Prometemos escribirnos. Muchas cartas.
Después de que haga la maleta, lo acompaño a la estación de tren de Marnäs. Esperamos de pie en silencio, junto a otros isleños. El tren de Öland dejará de funcionar ese año, y en la sala de espera reina un ambiente sombrío.
Markus se ha marchado, pero Ragnar Davidsson sigue atracando su barca en Åludden y se acerca a nuestra casa.
Él y yo solemos discutir de arte, aunque el nivel es bastante bajo. Todo empieza un día en que, al entrar en el recibidor, descubro que la puerta de la habitación del medio está abierta. Al mirar dentro veo a Davidsson de pie. Observa los oscuros cuadros que cubren las paredes.
Al parecer, hasta ahora no se había fijado en la gran colección de arte de Torun, y no le gusta. Niega con la cabeza.
—¿Qué te parece? —le pregunto.
—Todo es negro y gris —contesta—. Solo una mezcla de colores oscuros.
—Así es la nevasca de noche —digo.
—Pues parece… mierda —replica él.
—También se puede interpretar de una forma simbólica —intento explicarle—. Es una nevasca nocturna, pero al mismo tiempo representa el alma…, el alma de una mujer atormentada.

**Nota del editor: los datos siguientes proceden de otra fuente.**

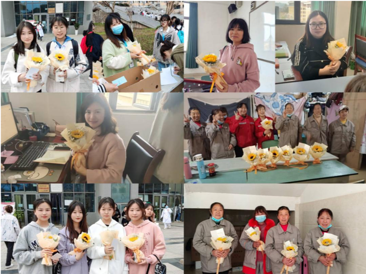 3月7日,在国际劳动妇女节即将到来之际,为引导广大学生感受爱、发现爱,学会爱。中心组织心理研习社、心灵驿站社、青年志愿者协会等部门的同学为学院女教师、食堂阿姨、宿管阿姨、女同学送上太阳花花束,表达节日最真挚的祝福。

Davidsson niega con la cabeza.
—Mierda —dice de nuevo.
Al parecer, no ha leído a Simone de Beauvoir. Yo tampoco, claro, pero por lo menos he oído hablar de ella.
En un último intento de defender a Torun, digo:
—Un día valdrán mucho dinero.
Davidsson gira la cabeza y me mira como si estuviera loca. Luego pasa por mi lado y se va de la casa.
Cuando entro en mi habitación veo a mi madre sentada junto a la ventana y enseguida me doy cuenta de que ha escuchado toda la conversación. A pesar de que está casi ciega, mira con fijeza por la ventana.
Intento distraerla con otras cosas, pero niega con la cabeza.
—Ragnar tiene razón —dice—. Todo es una basura.
Desde que Markus se fue he dejado de subir al altillo. Me recuerda demasiado a él, y me resulta demasiado solitario.
Pero nos escribimos, claro. Yo soy la que más escribe: envío varias largas cartas como respuesta a una suya corta.
Las cartas de Markus tratan sobre todo de maniobras militares, y no llegan con mucha frecuencia. Por el contrario, yo relleno hoja tras hoja con mis sueños y planes. ¿Cuándo volveremos a vernos? ¿Cuándo le darán permiso? ¿Cuándo se licenciará?
No lo sabe con seguridad, pero me promete que nos veremos pronto.
Empiezo a comprender que tengo que irme de Åludden, coger el ferry hacia el continente y hacia Markus. Pero ¿cómo podría dejar a Torun? No es posible.